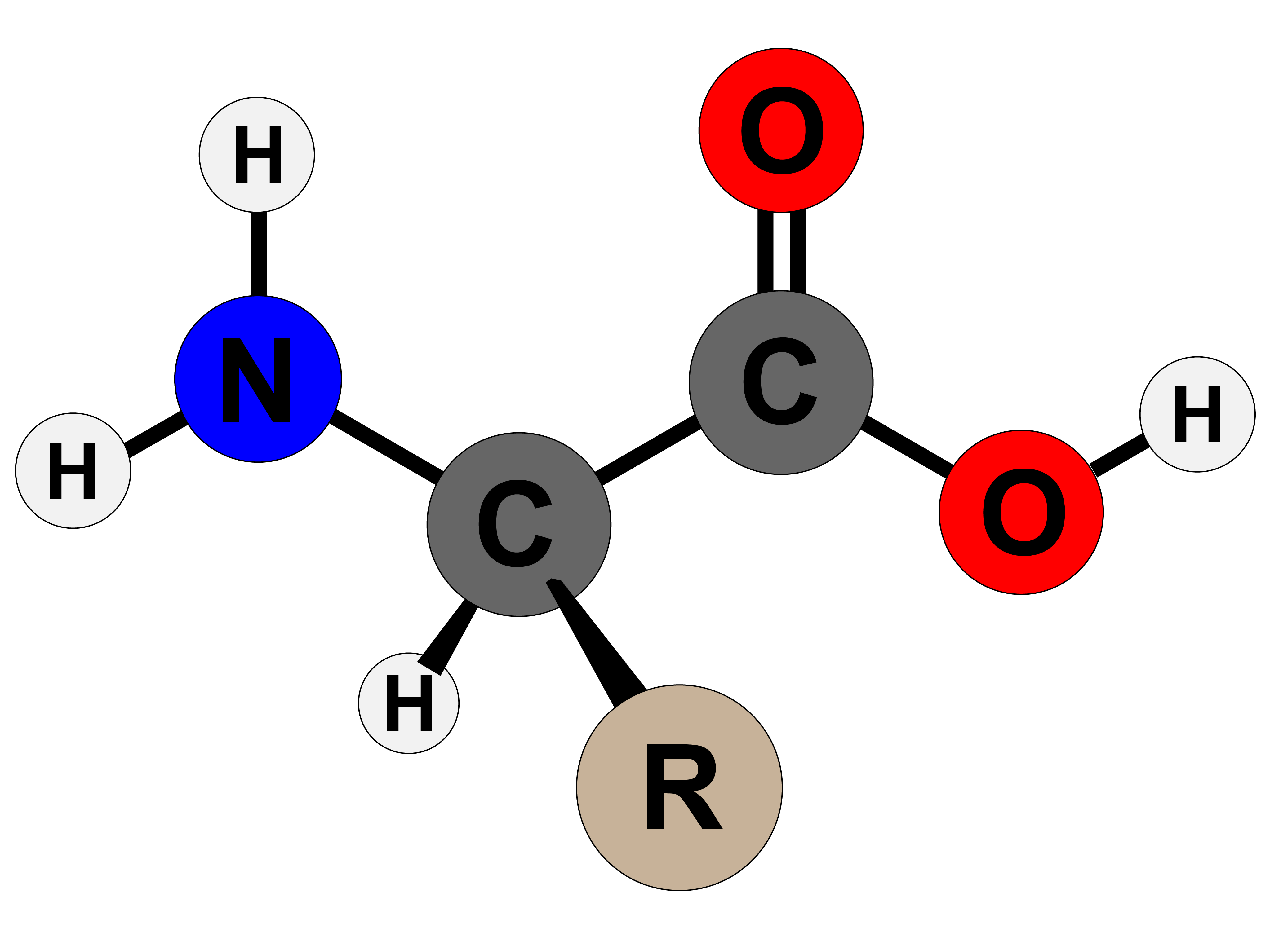 This is the structure of an un-ionized amino acid. The group at the position R can vary among a variety of groups to give different properties to the molecule or protein that it is a part of.
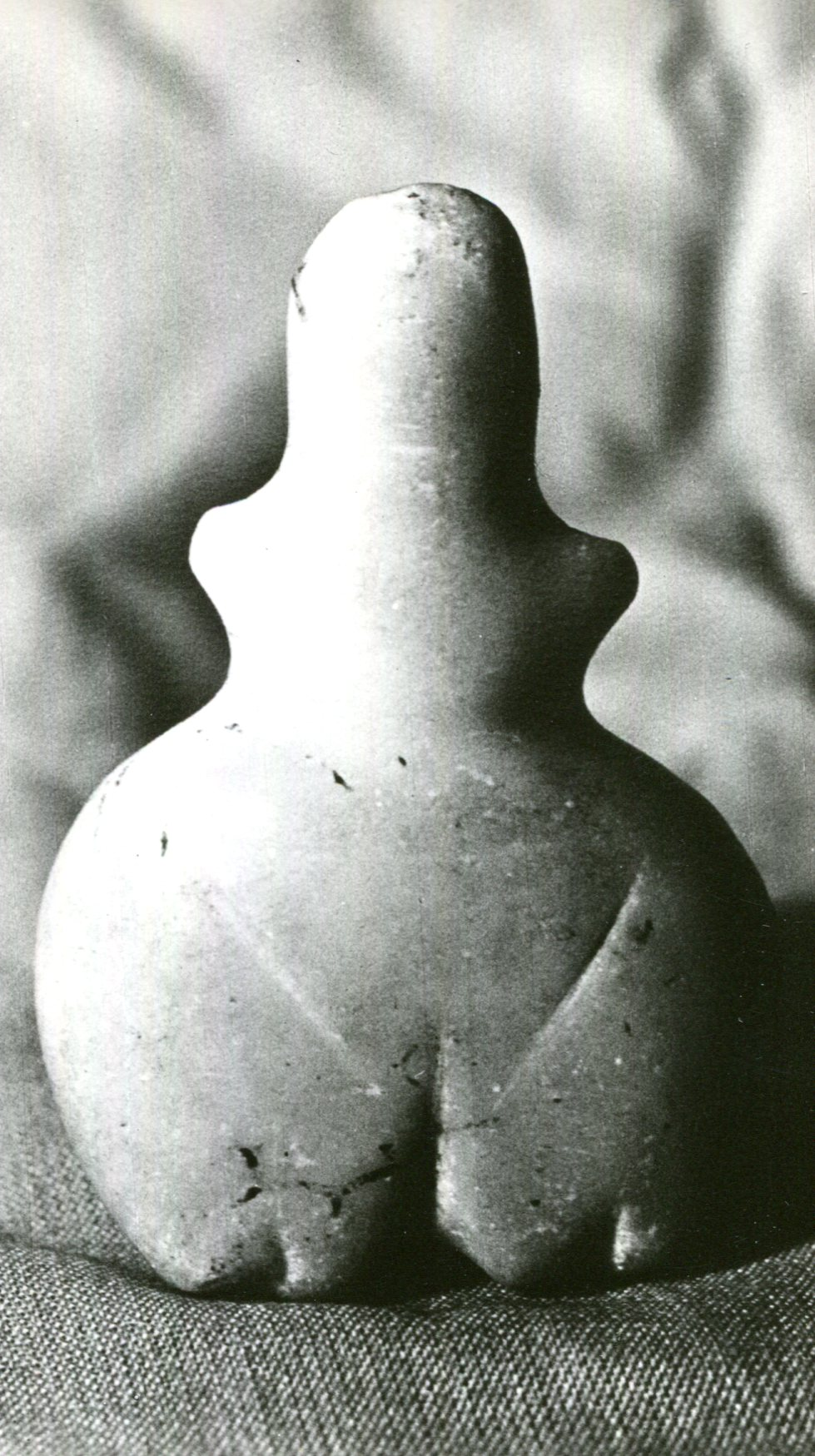 Marble figurine ("idol") from the Azmash barrow (found 1963). Middle Neolithic, 5000 BC, ht. 68 mm
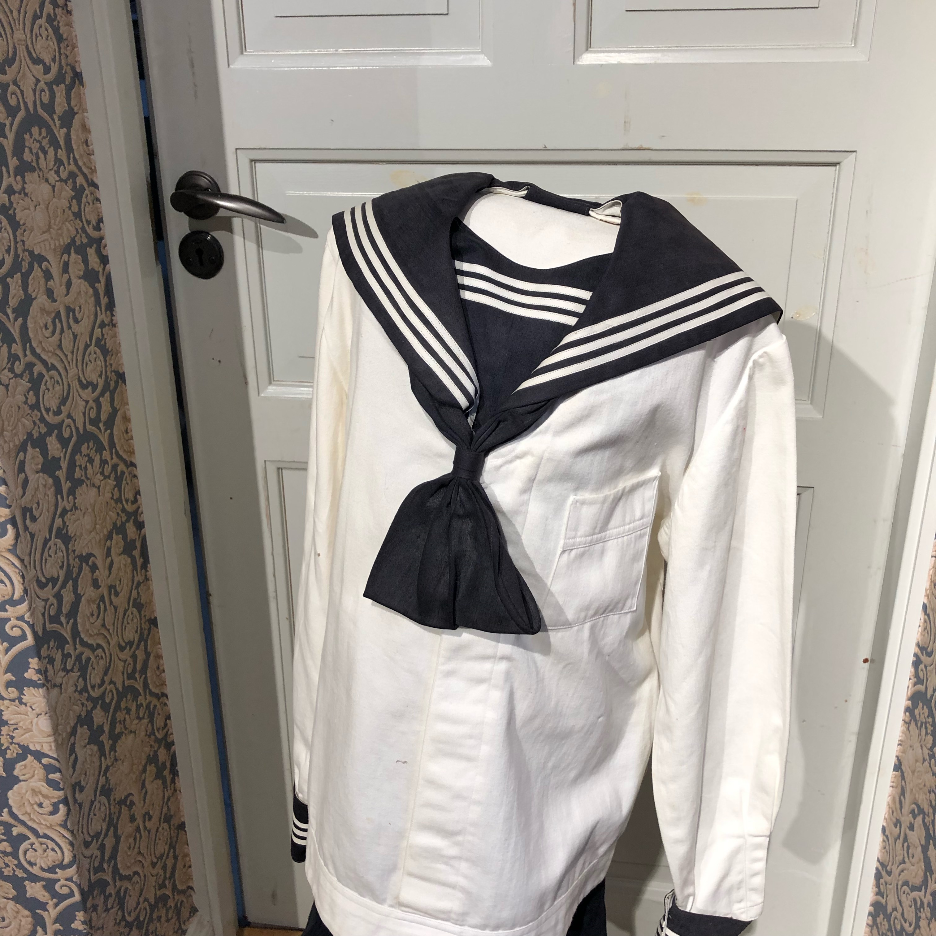 Sailors jacket, designed by Maria Sahlin
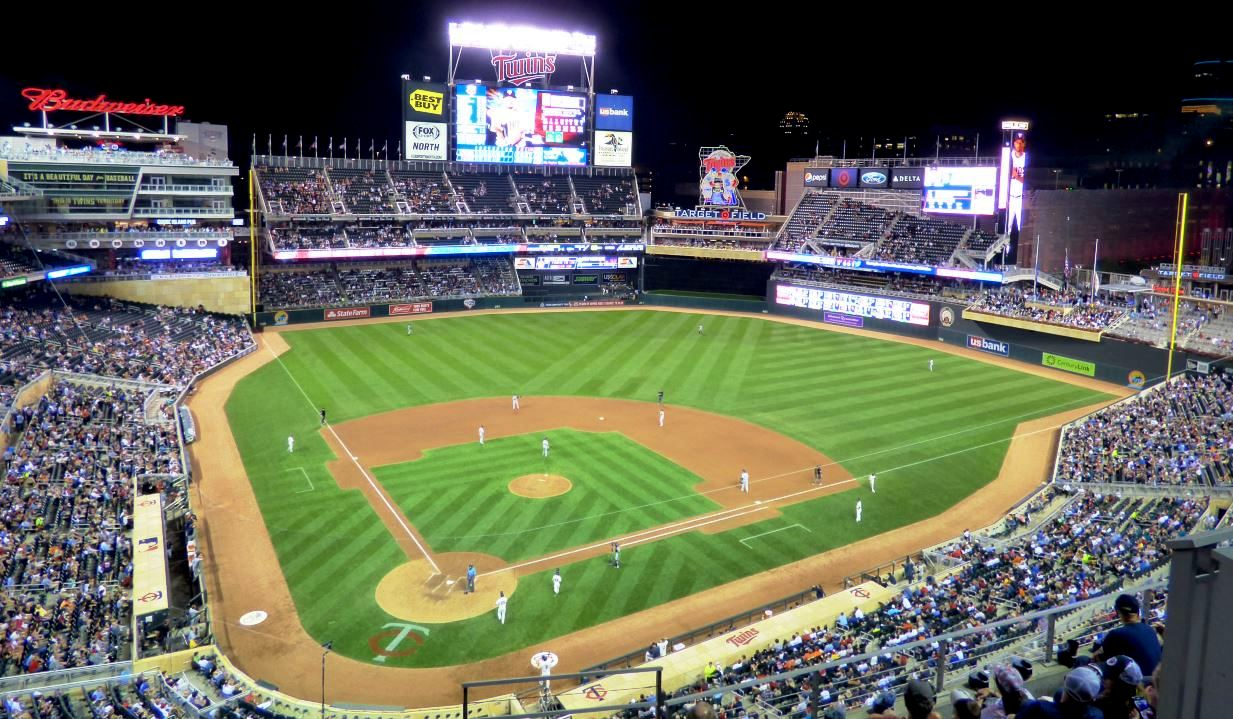 Target Field from the top level, August 24, 2016
----------------------------------------
_Instructions for the task_
The listing above must be printed again exactly, minus its pictures.

_Answer to the exercise_
 This is the structure of an un-ionized amino acid. The group at the position R can vary among a variety of groups to give different properties to the molecule or protein that it is a part of.
 Marble figurine ("idol") from the Azmash barrow (found 1963). Middle Neolithic, 5000 BC, ht. 68 mm
 Sailors jacket, designed by Maria Sahlin
 Target Field from the top level, August 24, 2016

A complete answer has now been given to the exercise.